August 25, 2014
- What really matters about the S&P touching 2,000 today…
- Why the war in Ukraine will wind down soon, and the investment implications
- The strangest businesses getting the best tax advantages…
- The $500 million market for a double-chin drug
- Violinists victimized by booze crackdown… reader insight into seller financing and Dodd-Frank… the length of The 5 becomes an issue (again)… and more!
For the first time, the S&P 500 touched 2,000 this morning. The move comes on the heels of a strong week last week, propelled by Kate Bush’s return to the concert stage after a 35-year absence.
Proof not all ’80s music was terrible…
Heh… We begin a new week with an old standby, finding silly reasons for stock market movements. Jonas Elmerraji of our trading desk dug up a few examples from last week, and they make little more sense than the enigmatic songstress’ live gigs in London…
- Reuters: “U.S. and German data drove confidence on economic growth and helped extend a stock rally”
- USA Today: “Boosting stocks Thursday, for example, were better-than-expected readings on manufacturing in the Philadelphia region, sales of existing homes and first-time jobless claims”
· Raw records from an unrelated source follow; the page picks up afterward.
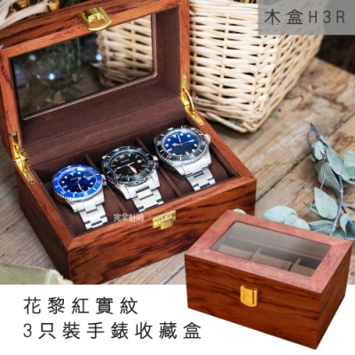 花黎紅實木紋3只裝手錶收藏盒(木H3R)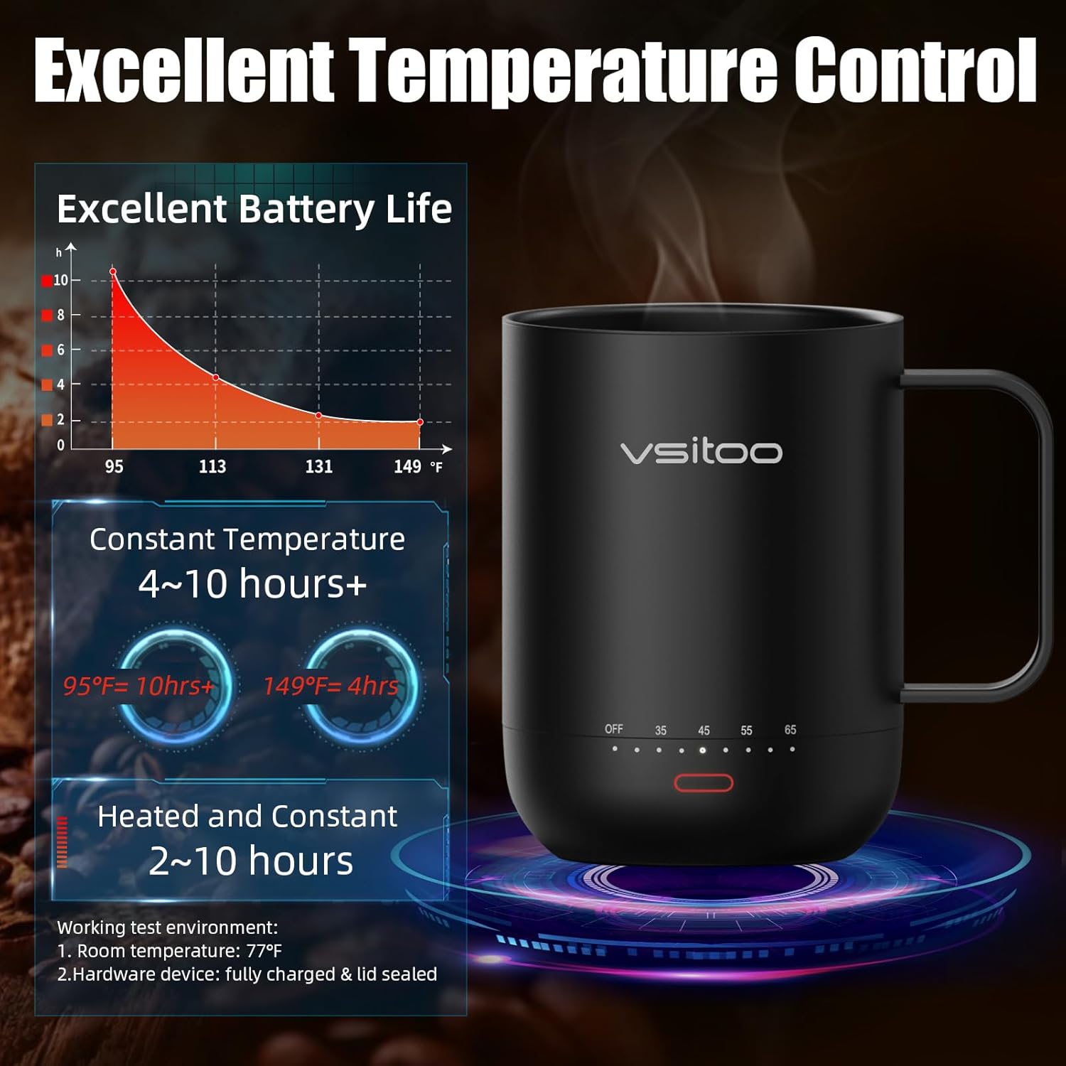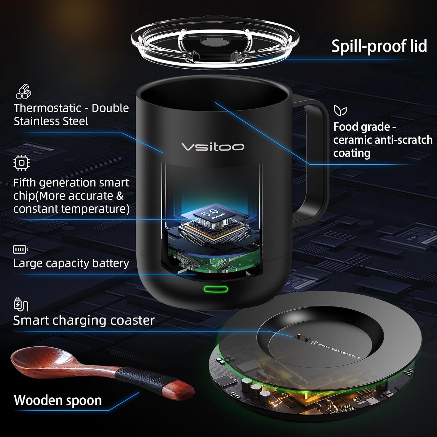 - Contrôle Pratique : Utilisez simplement le bouton intégré ou connectez-vous à l’application VSITOO pour personnaliser vos réglages de température et profiter de votre boisson comme vous l’aimez.
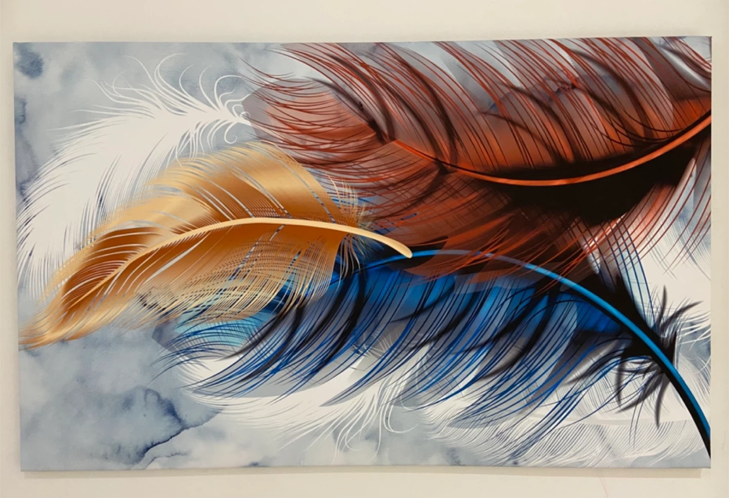 This canvas print features a beautiful arrangement of colourful feathers. It's a vibrant piece that adds a touch of nature's artistry to any room.

- Pittsburgh Tribune-Review: Earnings “pumped up the stock market.”
“Sure,” Jonas allows, “all of those things probably factored into the market’s price action for the week.”
“But so does your neighbor selling off 100 shares of XYZ Corp. to pay for his upcoming vacation,” he adds.
“So do rumors and ‘gut feelings.’ And the fact of the matter is that it’s impossible to measure the actual impact that any of those factors have on stocks.
“Ultimately, price is how we make money as traders. It’s the only thing that matters. I don’t care what earnings looked like or how housing numbers changed, as long as I can sell the stock I just bought for more than I paid.”
With that in mind, let’s check out where the market stands in the context of the last 12 months…
“We’re still very much in a ‘buy the dips’ market right now,” Jonas concludes. “But that’s not some kind of useless platitude like ‘buy low, sell high.’ Thanks to the simple technical lines on this chart, we were actually able buy to the dip once again in 2014.”
Indeed, Jonas’ STORM Signals readers played the S&P’s bounce in February for a 5% gain in five weeks. And right now they’re up another 5% in only two weeks.
“It looks like the conflict in Ukraine will wind down soon,” says our Byron King, putting on his military-technology hat.
Make no mistake, he cautions, “Ukraine will remain a dangerous military hot spot for some time to come. Still, the overall situation is coming to a point where major military operations will scale back.”
Tomorrow, Russian President Vladimir Putin meets with Ukraine’s President Petro Poroshenko. “This isn’t a mere social call for handshakes and photo ops,” says Byron. “No, the goal is to hammer out a peace settlement — or at least de-escalate bitter fighting in eastern Ukraine.
“Consider the timing. It’s near the end of August. Seasonal rain will soon fall, and that will turn vast swaths of Ukraine into impassable mud. It’s imperative to work something out soon, lest military operations of both sides literally get ‘bogged down’ like Hitler’s tanks.”
As it stands, “fighting in eastern Ukraine has been beyond brutal,” says Byron; “it’s utter carnage. I’ve seen one credible estimate of Ukrainian casualties in the range of 15,000 dead. Rebels have suffered thousands dead and more thousands wounded and in hospital in Russia. We may never know how many Ukrainian soldiers and rebels died, because casualty lists will become classified state secrets.”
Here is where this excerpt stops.